Imprégnation sociologique : levier de renouvellement créatif

Si c’est grâce à la créativité que nous vivons dans le monde dans lequel nous vivons aujourd’hui, c’est en lui conférant du sens en plus d’une utilité que nous bâtirons celui dans lequel nous vivrons demain. Cela commence par une introspection intime. Mais aussi, comme le qualifiait Friedrich Nietzsche en 1888 dans son livre Le Crépuscule des idoles, par l’apprentissage de voir. Longtemps et lentement.

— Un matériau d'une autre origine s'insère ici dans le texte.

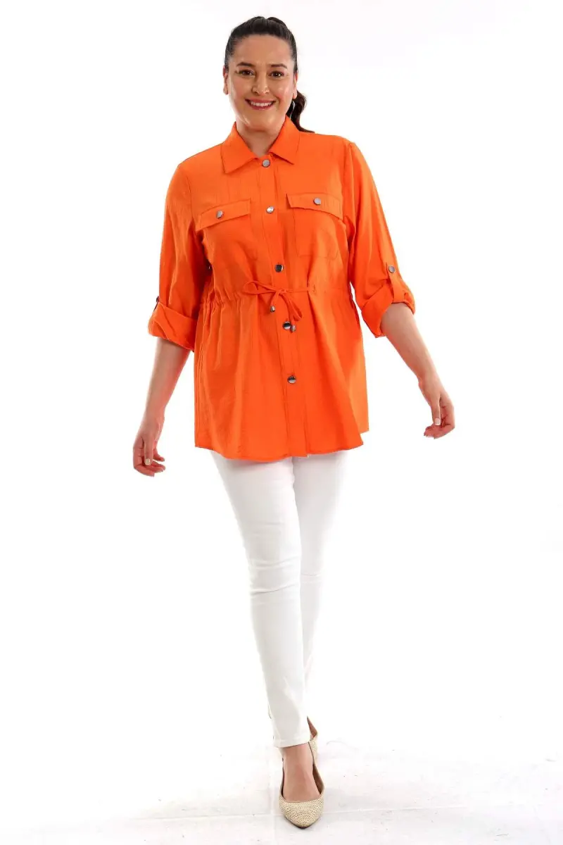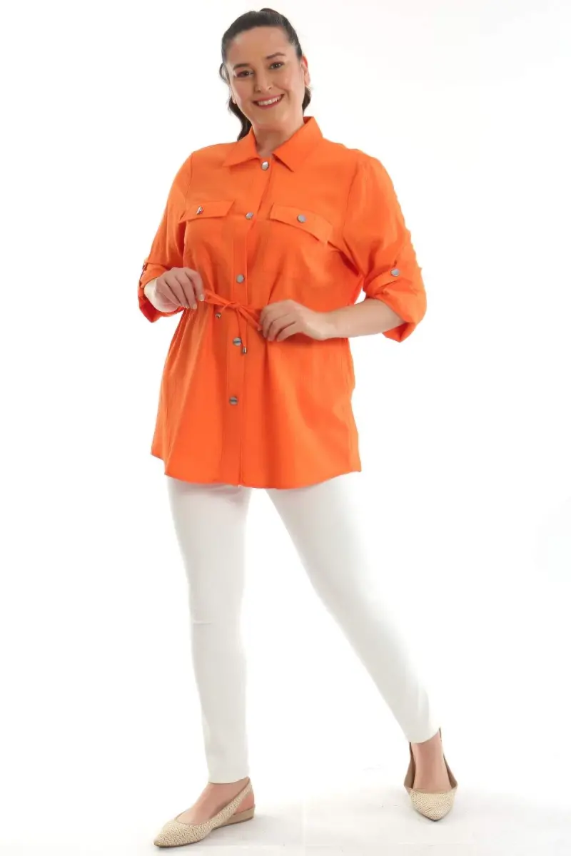 Büyük Beden Belden Bağcıklı Cepli Oranj Ceket Ürün Özellikleri: Rahat kalıbı ile kullanımı kolay Beli Bağcık Detayı Erkek yaka detayı ile şık bir görünüm Kol apolet ve düğme detaylı Kalça altı boy Ürün Açıklaması: Büyük Beden Belden Bağcıklı Cepli Oranj Ceket, klasik kesimi erkek yaka detayı ve dokusu ile maskülen tavrı vurgulamanıza yardımcı oluyor. Ceket modelinin kol apolet ve düğme detayları çarpıcı bir görünüm yaratıyor. Renk: Oranj Malzeme: %87 Vizkoz-%13 Poliester Manken Ölçüleri: Omuz: 47 cm. - Göğüs: 97 cm. - Basen: 105cm - Bel: 80 cm. - Boy: 1,80 cm. Ürün boyu 75 cm. 'dir. Model Bedeni: 44
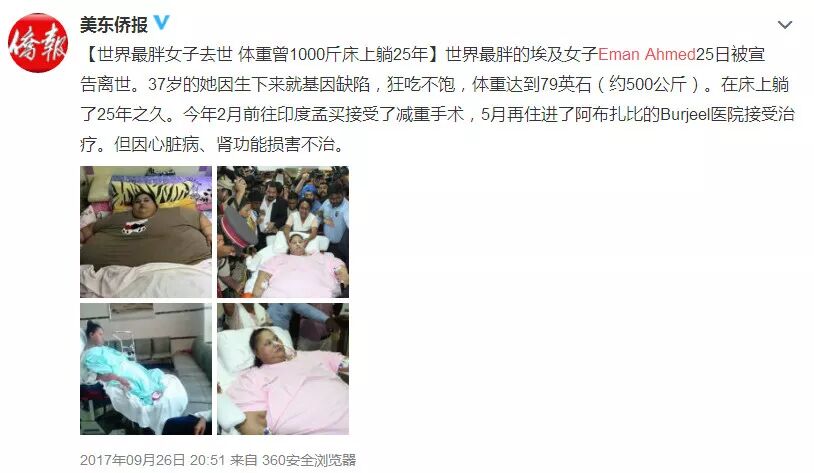 被称为世界最胖女子的Eman Ahmed,因遭受包括心脏病、肾功能损害在内的健康疾病,2017年9月25日被医院宣告死亡。
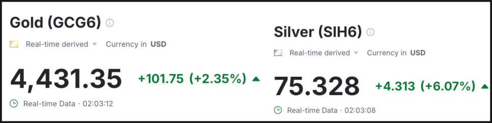 게다가 금과 은 등 귀금속 선물 가격도 무섭게 상승하고 있습니다. 현재의 반등이 에브리싱 랠리라는 시각에 힘을 보태는 부분이죠.
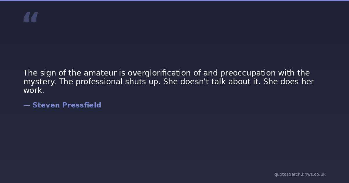 The sign of the amateur is overglorification of and preoccupation with the mystery. The professional shuts up. She doesn't talk about it. She does her work.
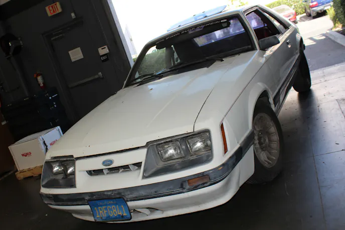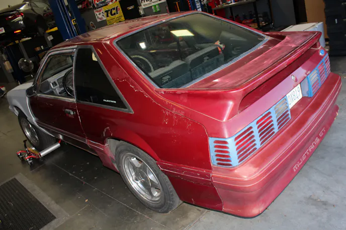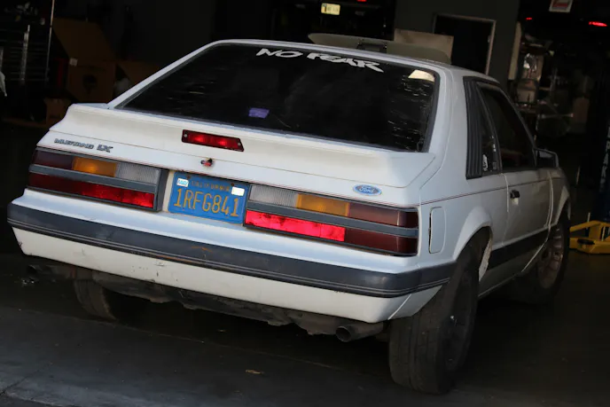 The final option for the $10K Drag Shootout teams was a 1986 Ford Mustang LX that has a whole bunch of character, from the aftermarket sunroof to the totally radical sticker package. This specimen has been sitting since 1997… like it was almost waiting to be selected for this competition. It features a questionable trunk latch, sketchy interior, and window tint that is missing in places. This ride is highly prized by all the teams because of its 8.8 rearend and the factory four-link style suspension that’s perfect for drag racing.
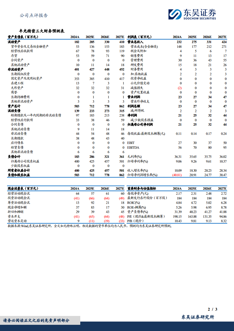 基于上合工厂投产带来的折旧及费用化水平提升,以及新品市场拓展前期放量较小的考量,分析师下调了公司2025-2027年的归母净利润预测,分别为0.25亿元、0.32亿元和0.44亿元(原预测2025/2026年为0.55/0.65亿元)。尽管如此,报告维持了“增持”评级,主要基于公司谐波减速器业务进入小批量量产阶段,有望打开新的成长空间。 根据最新的盈利预测,公司2024-2027年的营业总收入预计将从2.32亿元增长至4.24亿元,归母净利润预计将从2024年的0.21亿元增长至2027年的0.44亿元,年复合增长率显著。毛利率预计在35.65%至36.02%之间波动,归母净利率预计将从9.06%提升至10.37%。当前股价对应的动态P/E分别为198.15倍(2024A)、163.88倍(2025E)、131.35倍(2026E)和94.86倍(2027E)。 报告同时提示了原材料价格上涨、零部件降价以及新业务拓展不及预期的风险。
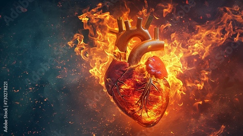 human heart, burning in a striking fire, symbolizing passion generative ai

L’imprégnation sociologique rime avec action. Elle permet à chacun d’apprendre sans savoir qu’il apprend. Et très souvent, sans savoir ce qu’il apprend. Elle mène à la solution du problème que se pose initialement le créateur, à l’action utile. Plus encore : elle fait résonner les émotions de telle sorte à créer du lien entre les instigateurs de la création – annonceurs et créateurs – et les gens. Dans cette optique de pleine considération des êtres plus que des personae, l’imprégnation sociologique devient vecteur de reconnexion à des pans infinis de la création. Elle se mue en une formidable aventure humaine, au contact de multiples réalités comme autant de sources d’inspiration et de renouvellement d’un monde tel qu’on désire le créer pour le vivre intensément.